Pasar de un Estado clientelar a otro más transparente y meritocrático no se consigue con un par de leyes y la introducción de alguna institución copiada, digamos, de un país escandinavo

Carlos Sebastián
EDUARDO ESTRADA

La persistencia de un Estado clientelar, con todas las distorsiones que alberga y con el alejamiento de la meritocracia que conlleva, deteriora la calidad democrática, perjudica la eficiencia económica y reduce la igualdad de oportunidades.
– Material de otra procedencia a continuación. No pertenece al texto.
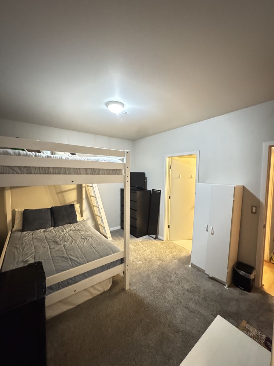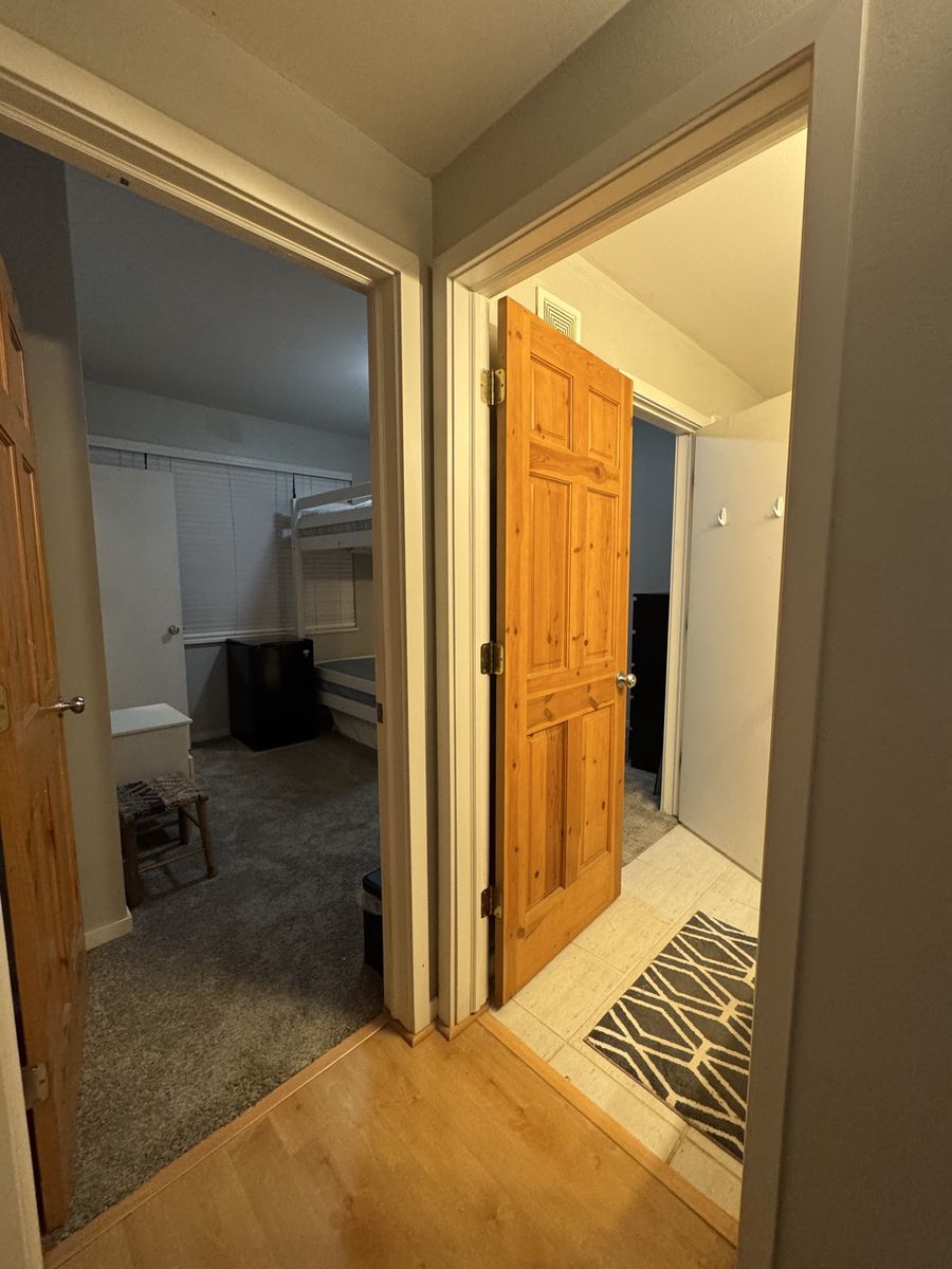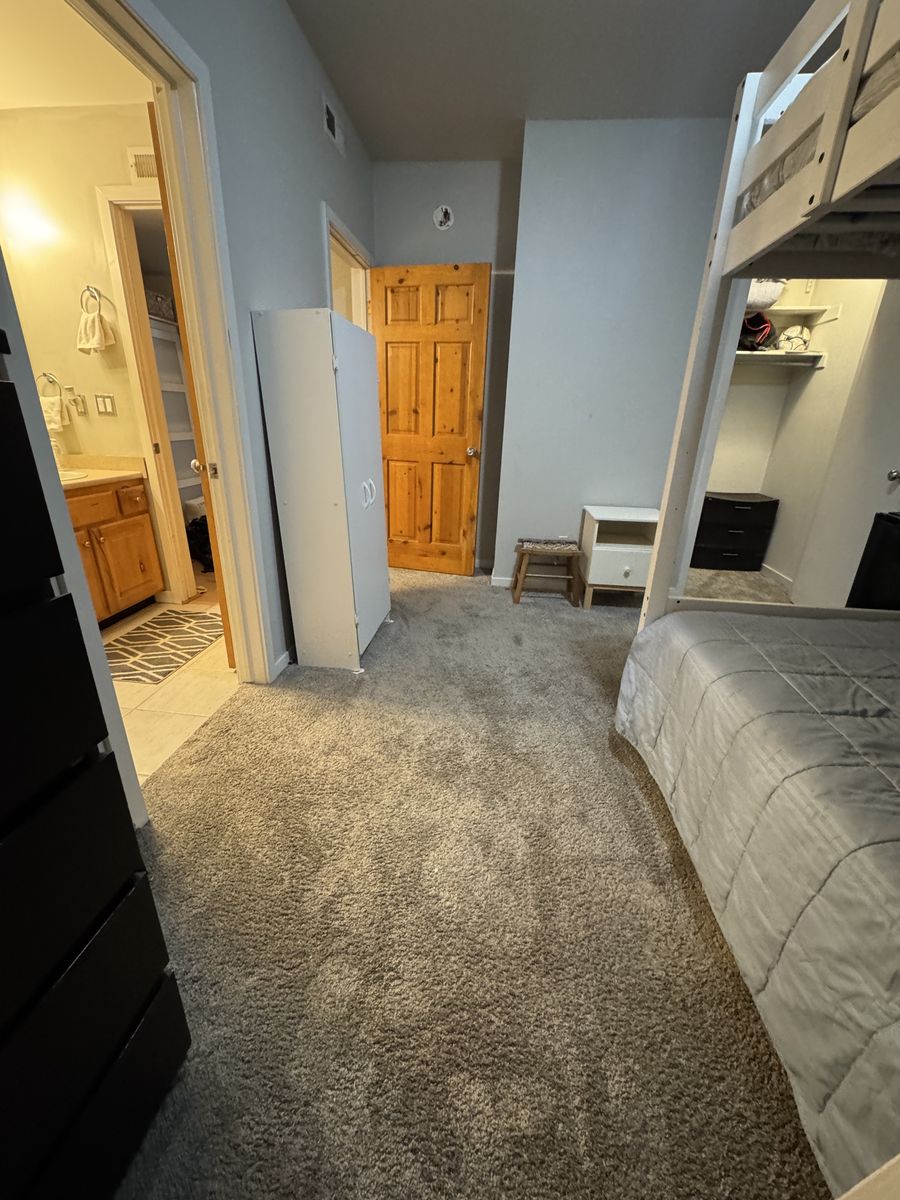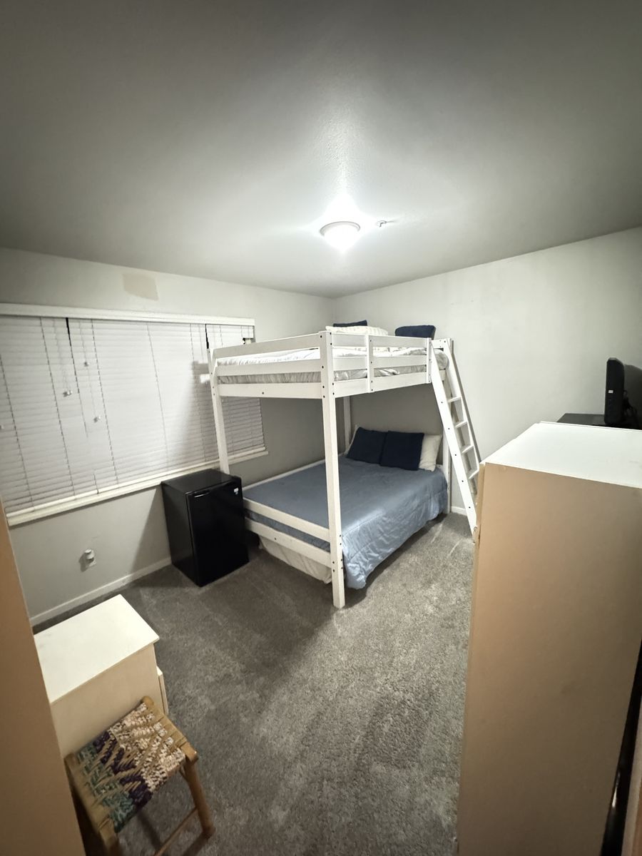 YOUR PRIVATE ROOM This bright, fully furnished bedroom is your own private retreat. It features a walk-in closet and an in-room mini fridge for your convenience. You also have direct access to a bathroom that is shared with only one other person.
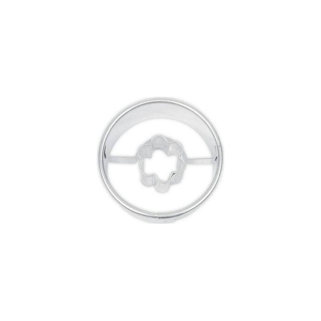 Vykrajovátko na cukroví ve tvaru kolečka průměrem 4 cm a květem uprostřed.Doplňkové parametry
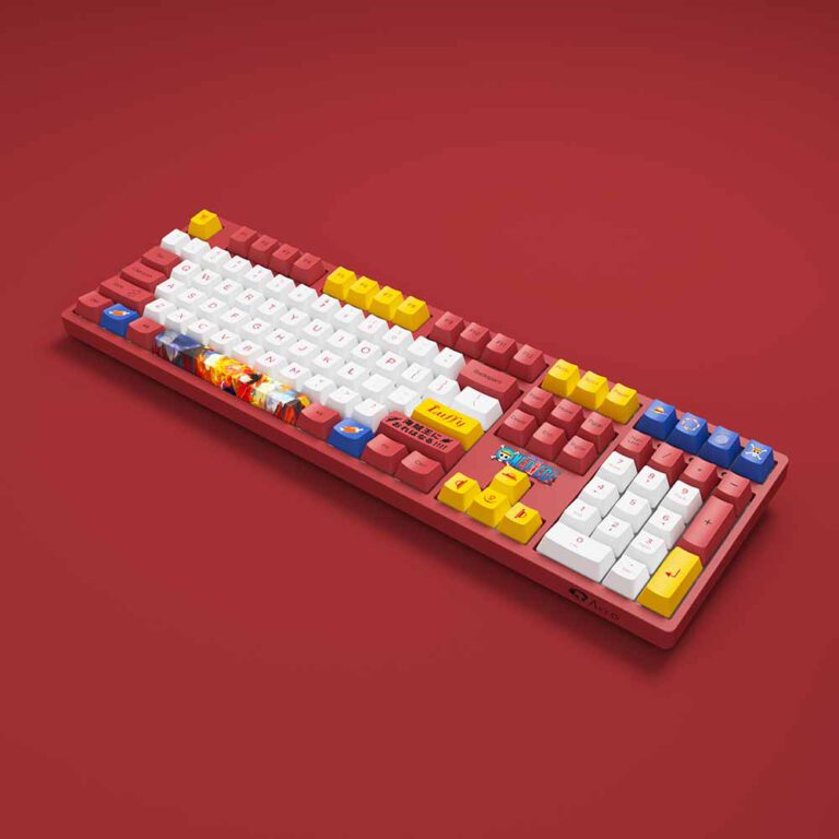 Bàn phím Akko 3108 v2 One Piece – Luffy (Akko switch v2) là một trong những dòng sản phẩm bàn phím cơ lấy cảm hứng từ nhân vật Luffy trong bộ truyện tranh/anime One Piece với màu chủ đạo đỏ đô, vàng, trắng và xanh dương.
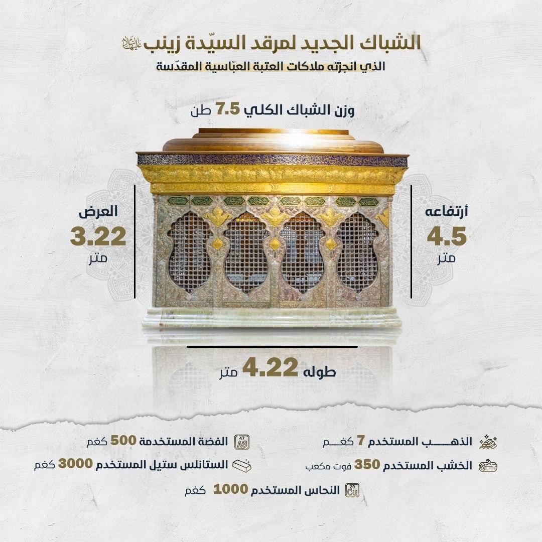 صناعة شباك ضريح لائق لمرقد السيدة زينب (عليها السلام).
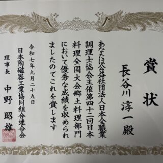 料理についてのお知らせ 2025.09.30 この度、料理長が公益社団法人日本全職業調理師協会主催の日本料理全国大会(郷土料理部門)において 受賞いたしましたのでお知らせいたします。 五泉市の秋をテーマにした料理で受賞いたしました。 < 前の記事へ 記事一覧へ 最近の投稿 料理についてのお知らせ りんご狩り 五泉市佐藤りんご園 ご報告 お料理について 巨木を見よう 将軍杉 五泉市一本杉 チューリップ畑は150万本 当館から車で15分 月別アーカイブ 月を選択 2025年9月 (1) 2025年8月 (1) 2025年6月 (1) 2025年5月 (1) 2025年3月 (2) 2025年2月 (1) 2025年1月 (1) 2024年11月 (2) 2024年10月 (3) 2024年7月 (2) 2024年6月 (3) 2024年5月 (4) 2024年4月 (1) 2024年3月 (2) 2024年2月 (1) 2024年1月 (2) 2023年11月 (3) 2019年2月 (1)
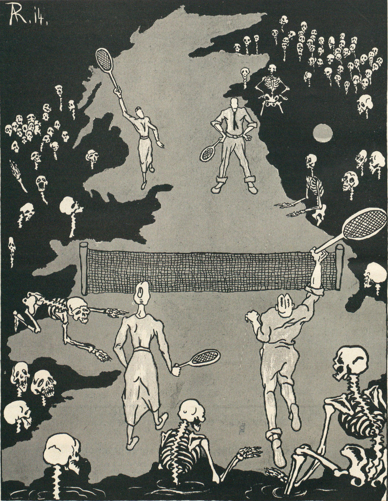 #vintage illustration #macabre #death #skeleton #tennis #illustration

Un Estado clientelar dominado por pautas no meritocráticas es una suerte de equilibrio de baja calidad que la clase política no quiere superar, para no perder cotas de poder, y en el que la ciudadanía acaba por sentirse cómoda procurando beneficiarse de los frutos de tan retorcido árbol y adoptando sus códigos de conducta. Pasar de ese equilibrio a uno de mayor calidad, en el que los Gobiernos gestionen con transparencia los bienes públicos, sin proporcionar bienes privados a minorías, y en el que los ciudadanos adopten las conductas de una sociedad meritocrática y exijan rendición de cuentas a los políticos, no se consigue con un par de leyes y la introducción de alguna institución copiada, digamos, de un país escandinavo. Estas medidas parciales serían rápidamente fagocitadas por las prácticas del Estado que se quiere reformar. Es necesario un auténtico big bang reformador.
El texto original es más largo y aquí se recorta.